Ты, Пуньо, ты стоишь в трех шагах за Хуаном, в руке железный прут, под языком безопасная бритва. Понятно, что ты боишься, ты всегда и всего боялся, страх в твоей крови словно наркотик, просочившийся через пуповину из организма матери, унаследованный от нее в следующем дегенеративном поколении; он — страх — всегда был на твоей стороне. А раз боишься — значит, вопишь, свистишь и провоцируешь Змей еще громче других. И как раз из-за этого страха, когда в конце концов Хуан со щелчком раскрывает нож и делает шаг к вожаку Змей, тем самым давая сигнал к нападению — ты скачешь первым и первым сцепляешься с противником. Метис, такой же как и ты; низкий и худющий как и ты; боится точно так же как и ты. Слюна на оскалившихся зубах. Ты бьешь его прутом в живот, но и сам одновременно получаешь велосипедной цепью повыше правого колена.

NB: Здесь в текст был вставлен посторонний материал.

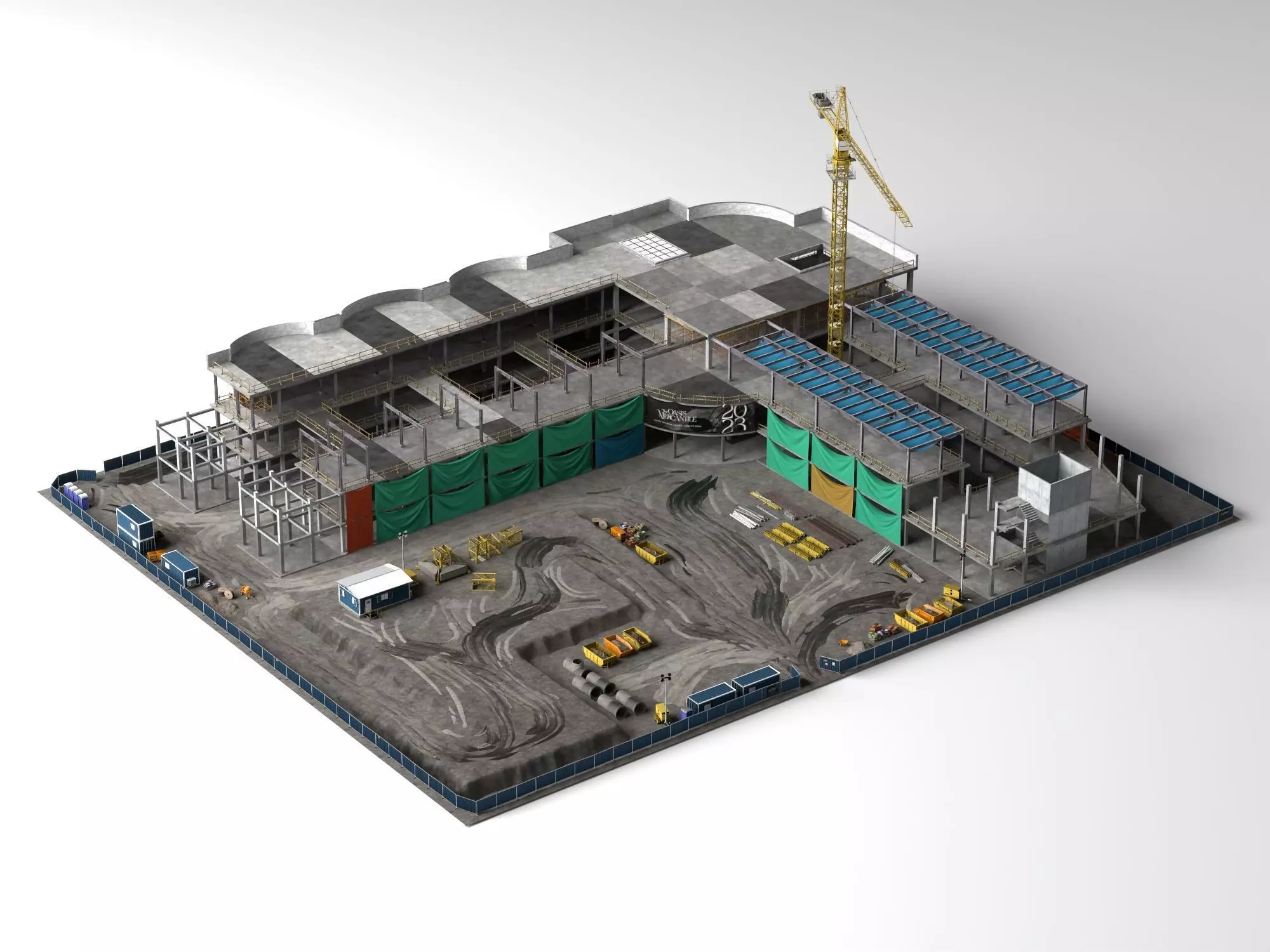 This asset pack includes a complete modular construction site environment with detailed buildings, scaffolding structures, safety fences, containers, equipment and ground props.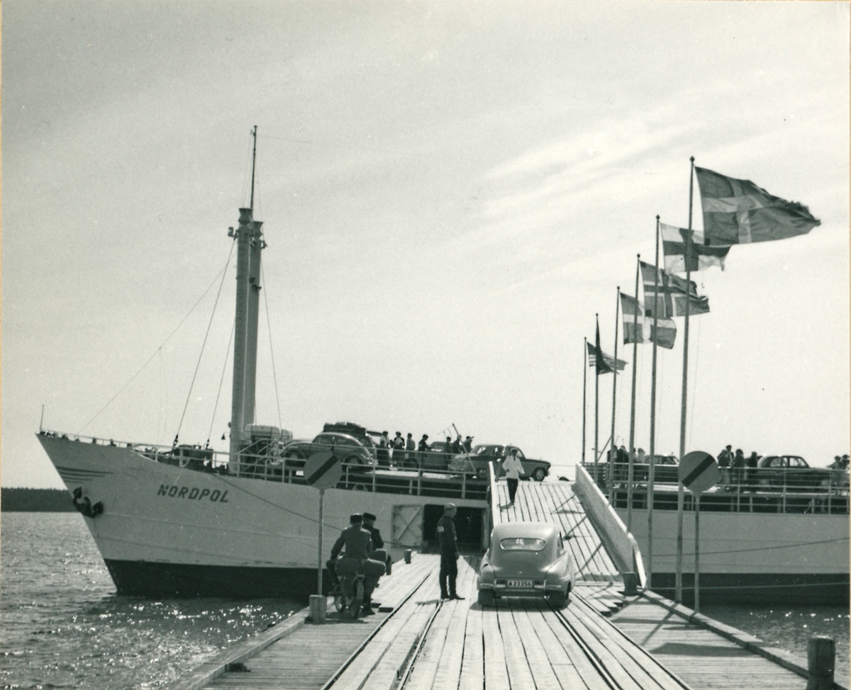 Familjen Erikssons tältsemestrar med bil på 1950- och 1960-talet. Färjeterminalen vid Grankullavik på norra Öland där ett ombyggt lastskepp tjänstgjorde som färga.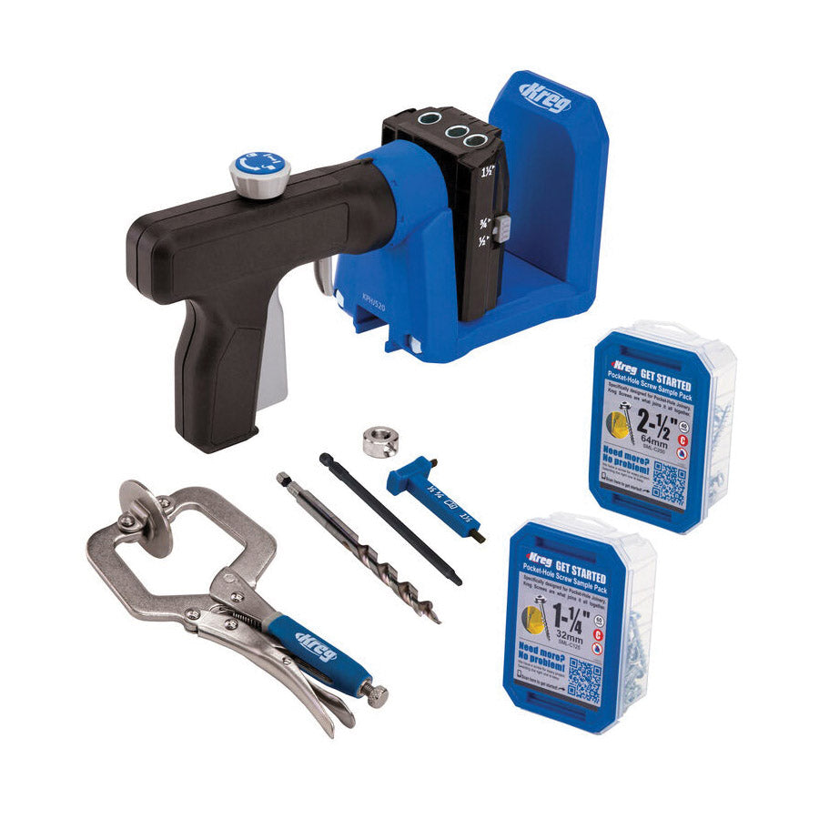 | Includes | Easy-Set Drill Bit, 6 in #2 Driver Bit, Easy-Set Stop Collar, Hex Wrench, Kreg Classic 2 in Face Clamp, (100) Kreg Pocket-Hole Screws |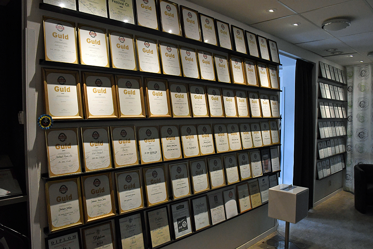 De två ölen är också en av anledningarna till att Jämtlands Bryggeri har samlat flest medaljer av alla i Stockholm Beer & Whisky Festivals årliga öltävling. På en av bilderna här ovan kan ni se rummet där alla diplom från den och andra tävlingar är samlade. Då ska ni också veta att det finns en vägg till med utmärkelser.

Нога под тобой подгибается, к счастью, он лишь дико вопит от боли, цепь из его руки выпадает — так что перевесом он воспользоваться не может. Впрочем, вопят все вокруг, бардак царит такой, что не слышишь даже собственное хриплое дыхание. Известняковая пыль вздымается метра на полтора, туннель расплывается в тумане. Остаетесь лишь вы двое. Тот раскрывает бритву, бросается на тебя. Ты прутом отбиваешь руку с лезвием и вместе с противником падаешь на бетон. Он теряет бритву. Лежит под тобой. Бешенно пинается коленями, но как-то не может попасть тебе в промежность. Хватаешь его сильно, двумя руками за волосы, приближаешь его лицо к своему: он плюется, ругается, пытается укусить. А ты держишь. Потом выпячиваешь губы, склоняешься еще ниже и резко дергаешь головой: раз, второй, третий, и еще ниже. Он уже не вопит. Глаза на выкате, горло распанахано. Теплый источник ритмично бьет на грязную футболку. Ты прячешь липкую бритву под язык. У смерти вкус старого железа, извести, соли и пережеванной пластмассы. Ты не знал об этом — и никогда не узнаешь — что в день битвы в туннеле завершился девятый год твоей жизни.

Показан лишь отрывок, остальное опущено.